▶ _Dataset content_
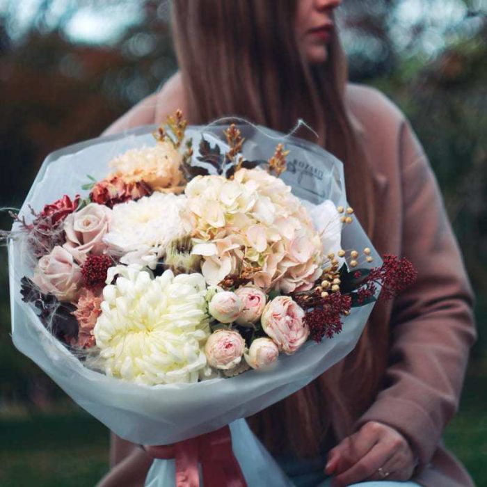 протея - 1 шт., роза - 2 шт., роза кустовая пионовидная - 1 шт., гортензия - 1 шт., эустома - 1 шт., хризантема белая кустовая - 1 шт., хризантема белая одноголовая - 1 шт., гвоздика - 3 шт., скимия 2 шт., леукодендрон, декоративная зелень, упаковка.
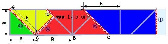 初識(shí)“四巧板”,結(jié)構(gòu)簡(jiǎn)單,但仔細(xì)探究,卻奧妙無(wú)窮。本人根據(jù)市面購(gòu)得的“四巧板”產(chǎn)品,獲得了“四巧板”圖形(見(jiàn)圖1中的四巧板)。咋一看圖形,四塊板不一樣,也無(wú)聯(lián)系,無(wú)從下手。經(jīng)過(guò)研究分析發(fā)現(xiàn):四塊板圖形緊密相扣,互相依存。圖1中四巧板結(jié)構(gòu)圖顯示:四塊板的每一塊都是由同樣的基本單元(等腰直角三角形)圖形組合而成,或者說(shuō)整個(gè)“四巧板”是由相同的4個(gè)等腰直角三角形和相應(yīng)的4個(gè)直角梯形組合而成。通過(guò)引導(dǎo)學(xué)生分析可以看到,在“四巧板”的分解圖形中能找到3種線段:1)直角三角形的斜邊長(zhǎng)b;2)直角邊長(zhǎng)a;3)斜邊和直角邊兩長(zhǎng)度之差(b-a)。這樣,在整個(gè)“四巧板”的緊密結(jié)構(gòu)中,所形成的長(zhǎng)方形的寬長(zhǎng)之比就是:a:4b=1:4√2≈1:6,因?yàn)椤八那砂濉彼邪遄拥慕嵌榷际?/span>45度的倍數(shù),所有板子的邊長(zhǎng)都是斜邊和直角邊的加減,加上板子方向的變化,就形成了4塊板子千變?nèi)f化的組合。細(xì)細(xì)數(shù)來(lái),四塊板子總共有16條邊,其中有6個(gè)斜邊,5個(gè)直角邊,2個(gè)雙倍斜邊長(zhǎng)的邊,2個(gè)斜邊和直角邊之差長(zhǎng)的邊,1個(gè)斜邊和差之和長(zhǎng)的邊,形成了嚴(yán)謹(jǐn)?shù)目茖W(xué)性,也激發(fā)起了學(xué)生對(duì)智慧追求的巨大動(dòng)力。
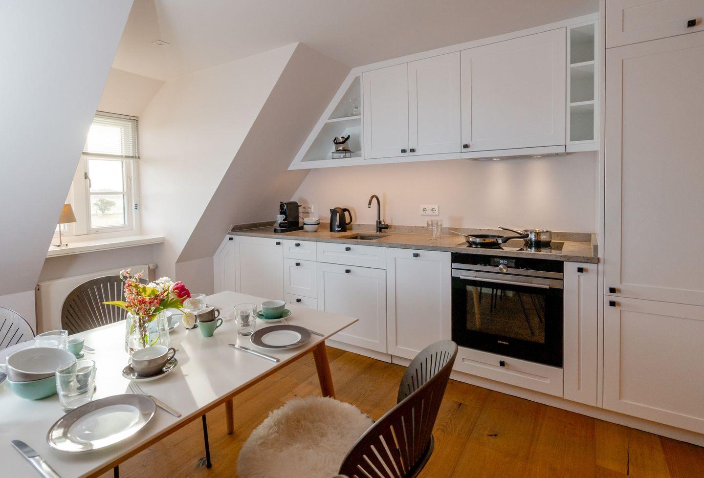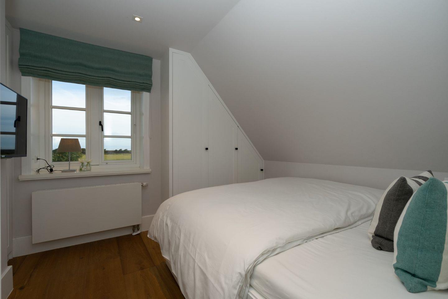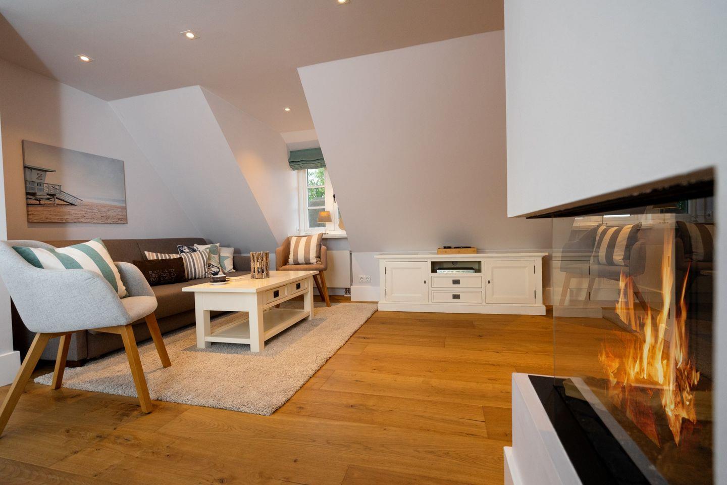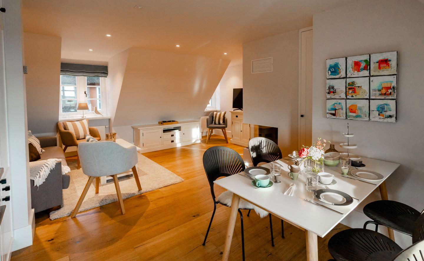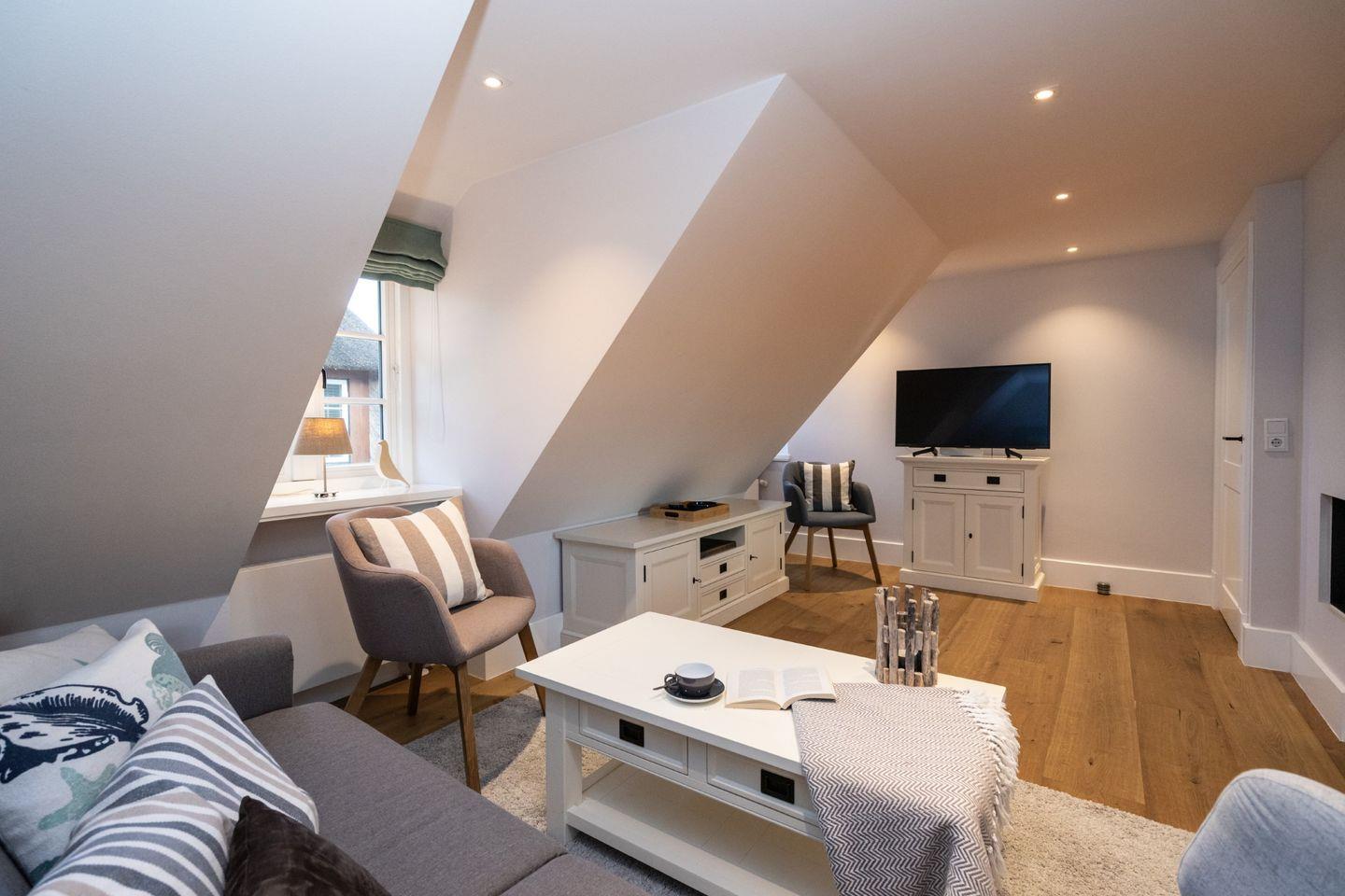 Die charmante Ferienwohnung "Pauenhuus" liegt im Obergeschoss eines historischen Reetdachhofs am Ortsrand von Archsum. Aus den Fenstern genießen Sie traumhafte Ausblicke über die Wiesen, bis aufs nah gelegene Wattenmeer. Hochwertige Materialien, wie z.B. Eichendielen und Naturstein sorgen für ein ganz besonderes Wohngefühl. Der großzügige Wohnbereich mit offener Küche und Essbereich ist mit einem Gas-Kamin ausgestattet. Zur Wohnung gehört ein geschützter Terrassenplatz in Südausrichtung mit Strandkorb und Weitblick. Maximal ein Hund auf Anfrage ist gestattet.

▶ _Directions_
Print the full listing exactly, dropping the pictures.

▶ _Answer for this exercise_
 протея - 1 шт., роза - 2 шт., роза кустовая пионовидная - 1 шт., гортензия - 1 шт., эустома - 1 шт., хризантема белая кустовая - 1 шт., хризантема белая одноголовая - 1 шт., гвоздика - 3 шт., скимия 2 шт., леукодендрон, декоративная зелень, упаковка.
 初識(shí)“四巧板”,結(jié)構(gòu)簡(jiǎn)單,但仔細(xì)探究,卻奧妙無(wú)窮。本人根據(jù)市面購(gòu)得的“四巧板”產(chǎn)品,獲得了“四巧板”圖形(見(jiàn)圖1中的四巧板)。咋一看圖形,四塊板不一樣,也無(wú)聯(lián)系,無(wú)從下手。經(jīng)過(guò)研究分析發(fā)現(xiàn):四塊板圖形緊密相扣,互相依存。圖1中四巧板結(jié)構(gòu)圖顯示:四塊板的每一塊都是由同樣的基本單元(等腰直角三角形)圖形組合而成,或者說(shuō)整個(gè)“四巧板”是由相同的4個(gè)等腰直角三角形和相應(yīng)的4個(gè)直角梯形組合而成。通過(guò)引導(dǎo)學(xué)生分析可以看到,在“四巧板”的分解圖形中能找到3種線段:1)直角三角形的斜邊長(zhǎng)b;2)直角邊長(zhǎng)a;3)斜邊和直角邊兩長(zhǎng)度之差(b-a)。這樣,在整個(gè)“四巧板”的緊密結(jié)構(gòu)中,所形成的長(zhǎng)方形的寬長(zhǎng)之比就是:a:4b=1:4√2≈1:6,因?yàn)椤八那砂濉彼邪遄拥慕嵌榷际?/span>45度的倍數(shù),所有板子的邊長(zhǎng)都是斜邊和直角邊的加減,加上板子方向的變化,就形成了4塊板子千變?nèi)f化的組合。細(xì)細(xì)數(shù)來(lái),四塊板子總共有16條邊,其中有6個(gè)斜邊,5個(gè)直角邊,2個(gè)雙倍斜邊長(zhǎng)的邊,2個(gè)斜邊和直角邊之差長(zhǎng)的邊,1個(gè)斜邊和差之和長(zhǎng)的邊,形成了嚴(yán)謹(jǐn)?shù)目茖W(xué)性,也激發(fā)起了學(xué)生對(duì)智慧追求的巨大動(dòng)力。
 Die charmante Ferienwohnung "Pauenhuus" liegt im Obergeschoss eines historischen Reetdachhofs am Ortsrand von Archsum. Aus den Fenstern genießen Sie traumhafte Ausblicke über die Wiesen, bis aufs nah gelegene Wattenmeer. Hochwertige Materialien, wie z.B. Eichendielen und Naturstein sorgen für ein ganz besonderes Wohngefühl. Der großzügige Wohnbereich mit offener Küche und Essbereich ist mit einem Gas-Kamin ausgestattet. Zur Wohnung gehört ein geschützter Terrassenplatz in Südausrichtung mit Strandkorb und Weitblick. Maximal ein Hund auf Anfrage ist gestattet.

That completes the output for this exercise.